Collected data:
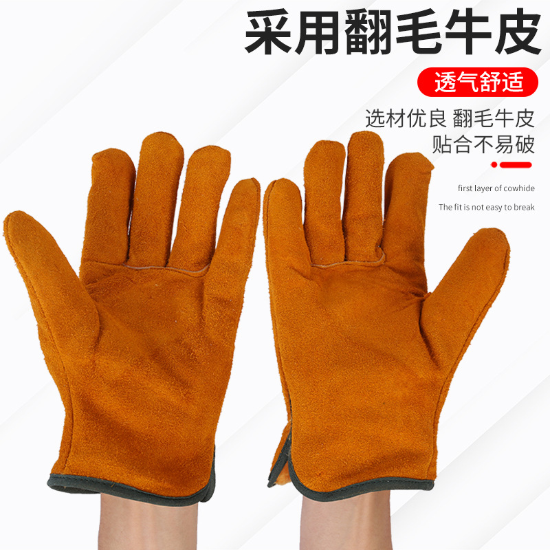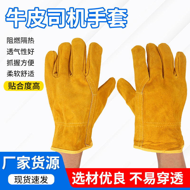 전체 소가죽 용접 장갑 운전자 용 2 층 노란색 내마모성 용접 용접기 보호 장갑스토어 가기
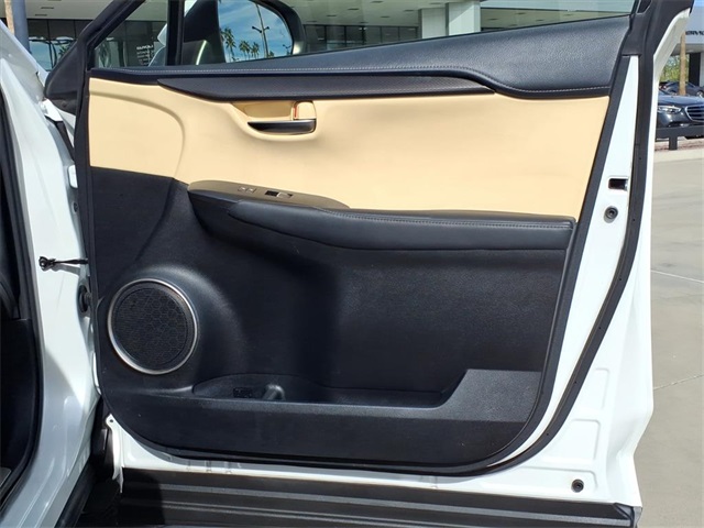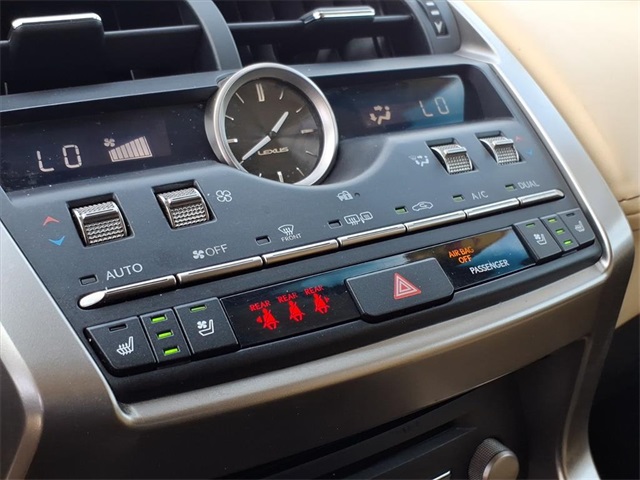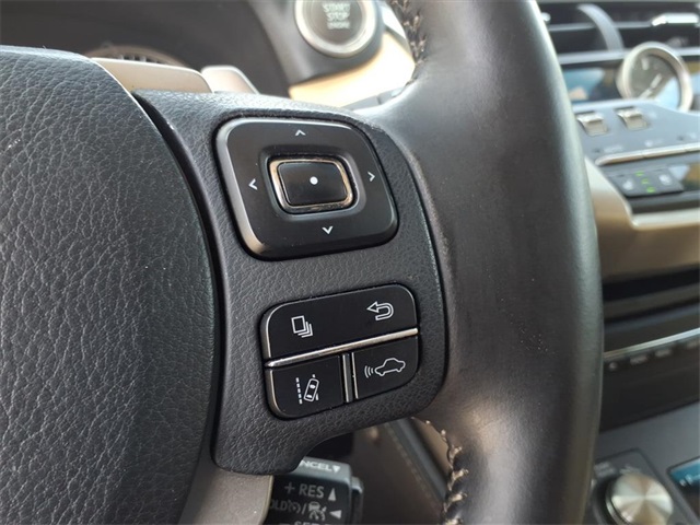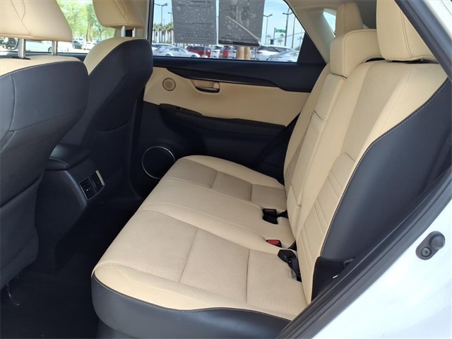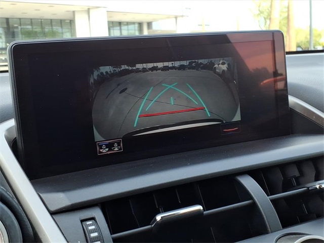 This Lexus NX is equipped with the following features: ABS brakes, Active Cruise Control, Alloy wheels, Compass, Electronic Stability Control, Front dual zone A/C, Heated door mirrors, Illuminated entry, Low tire pressure warning, Remote keyless entry, Traction control, 17" x 7" Alloy Wheels, 4-Wheel Disc Brakes, 8 Speakers, Air Conditioning, AM/FM radio: SiriusXM, Auto High-beam Headlights, Automatic temperature control, Axle Ratio: 3.888, Brake assist, Bumpers: body-color, CD player, Delay-off headlights, Driver door bin, Driver vanity mirror, Dual front impact airbags, Dual front side impact airbags, Emergency communication system: Lexus Enform w/Safety Connect, Exterior Parking Camera Rear, Four wheel independent suspension, Front anti-roll bar, Front Bucket Seats, Front Center Armrest, Front fog lights, Front reading lights, Fully automatic headlights, High Clearance Lamp, Knee airbag, Leather Shift Knob, Leather steering wheel, NuLuxe Seat Trim, Occupant sensing airbag, Outside temperature display, Overhead airbag, Overhead console, Panic alarm, Passenger door bin, Passenger vanity mirror, Power door mirrors, Power driver seat, Power passenger seat, Power steering, Power windows, Radio data system, Radio: AM/FM/CD Lexus Display Audio, Rear anti-roll bar, Rear seat center armrest, Rear window defroster, Rear window wiper, Roof rack: rails only, Security system, Speed control, Speed-sensing steering, Split folding rear seat, Spoiler, Steering wheel mounted audio controls, Tachometer, Telescoping steering wheel, Tilt steering wheel, Trip computer, Turn signal indicator mirrors, and Variably intermittent wipers.
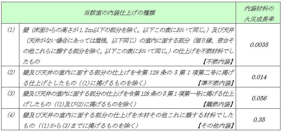 当該室の内装仕上げの種類に応じ、それぞれ次の表に定める内装材の火災成長率![]()

Task instructions: Print the whole listing exactly. No pictures belong in the copy.

Written answer:
 전체 소가죽 용접 장갑 운전자 용 2 층 노란색 내마모성 용접 용접기 보호 장갑스토어 가기
 This Lexus NX is equipped with the following features: ABS brakes, Active Cruise Control, Alloy wheels, Compass, Electronic Stability Control, Front dual zone A/C, Heated door mirrors, Illuminated entry, Low tire pressure warning, Remote keyless entry, Traction control, 17" x 7" Alloy Wheels, 4-Wheel Disc Brakes, 8 Speakers, Air Conditioning, AM/FM radio: SiriusXM, Auto High-beam Headlights, Automatic temperature control, Axle Ratio: 3.888, Brake assist, Bumpers: body-color, CD player, Delay-off headlights, Driver door bin, Driver vanity mirror, Dual front impact airbags, Dual front side impact airbags, Emergency communication system: Lexus Enform w/Safety Connect, Exterior Parking Camera Rear, Four wheel independent suspension, Front anti-roll bar, Front Bucket Seats, Front Center Armrest, Front fog lights, Front reading lights, Fully automatic headlights, High Clearance Lamp, Knee airbag, Leather Shift Knob, Leather steering wheel, NuLuxe Seat Trim, Occupant sensing airbag, Outside temperature display, Overhead airbag, Overhead console, Panic alarm, Passenger door bin, Passenger vanity mirror, Power door mirrors, Power driver seat, Power passenger seat, Power steering, Power windows, Radio data system, Radio: AM/FM/CD Lexus Display Audio, Rear anti-roll bar, Rear seat center armrest, Rear window defroster, Rear window wiper, Roof rack: rails only, Security system, Speed control, Speed-sensing steering, Split folding rear seat, Spoiler, Steering wheel mounted audio controls, Tachometer, Telescoping steering wheel, Tilt steering wheel, Trip computer, Turn signal indicator mirrors, and Variably intermittent wipers.
 当該室の内装仕上げの種類に応じ、それぞれ次の表に定める内装材の火災成長率![]()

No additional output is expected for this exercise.